• _DATA_:
★ ★ ★ ★

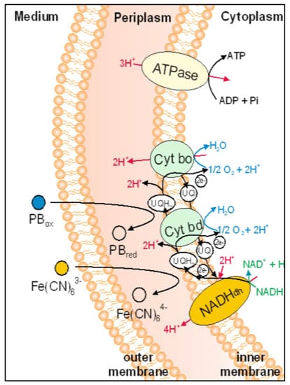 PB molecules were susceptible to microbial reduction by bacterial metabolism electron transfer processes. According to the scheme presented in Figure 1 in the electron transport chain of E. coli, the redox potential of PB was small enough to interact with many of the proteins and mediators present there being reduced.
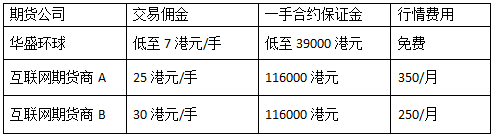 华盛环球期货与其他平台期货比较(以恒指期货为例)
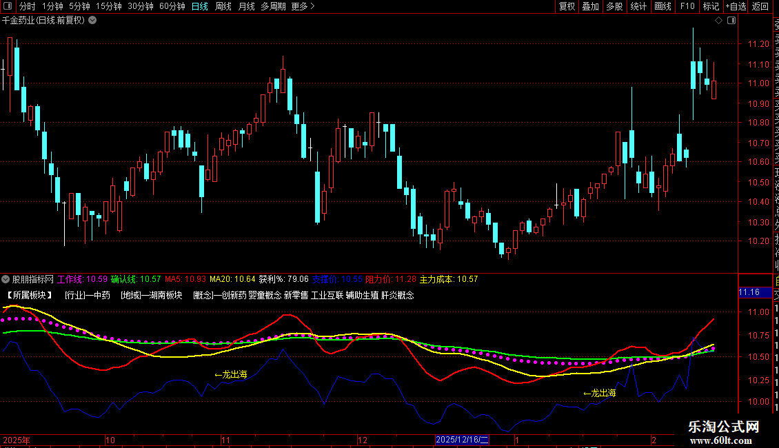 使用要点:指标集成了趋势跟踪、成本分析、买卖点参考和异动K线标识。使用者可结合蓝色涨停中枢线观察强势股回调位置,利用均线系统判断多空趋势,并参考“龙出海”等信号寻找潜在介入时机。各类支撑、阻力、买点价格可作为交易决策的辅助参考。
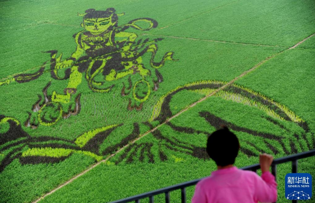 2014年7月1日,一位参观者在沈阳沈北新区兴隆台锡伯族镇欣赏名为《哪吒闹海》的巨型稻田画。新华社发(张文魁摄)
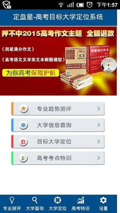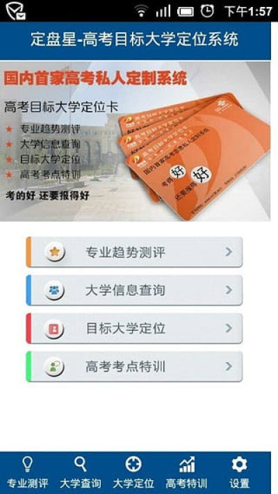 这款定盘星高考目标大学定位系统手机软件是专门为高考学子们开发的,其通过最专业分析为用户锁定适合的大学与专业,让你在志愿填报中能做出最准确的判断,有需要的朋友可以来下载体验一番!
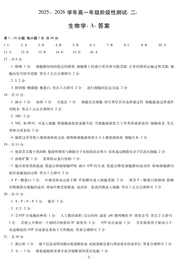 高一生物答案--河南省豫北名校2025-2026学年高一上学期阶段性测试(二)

★ ★ ★ ★

• _WHAT IS NEEDED_: Your reply should consist of the data, transcribed exactly, and should hold no pictures.

• _TASK SOLUTION_:
 PB molecules were susceptible to microbial reduction by bacterial metabolism electron transfer processes. According to the scheme presented in Figure 1 in the electron transport chain of E. coli, the redox potential of PB was small enough to interact with many of the proteins and mediators present there being reduced.
 华盛环球期货与其他平台期货比较(以恒指期货为例)
 使用要点:指标集成了趋势跟踪、成本分析、买卖点参考和异动K线标识。使用者可结合蓝色涨停中枢线观察强势股回调位置,利用均线系统判断多空趋势,并参考“龙出海”等信号寻找潜在介入时机。各类支撑、阻力、买点价格可作为交易决策的辅助参考。
 2014年7月1日,一位参观者在沈阳沈北新区兴隆台锡伯族镇欣赏名为《哪吒闹海》的巨型稻田画。新华社发(张文魁摄)
 这款定盘星高考目标大学定位系统手机软件是专门为高考学子们开发的,其通过最专业分析为用户锁定适合的大学与专业,让你在志愿填报中能做出最准确的判断,有需要的朋友可以来下载体验一番!
 高一生物答案--河南省豫北名校2025-2026学年高一上学期阶段性测试(二)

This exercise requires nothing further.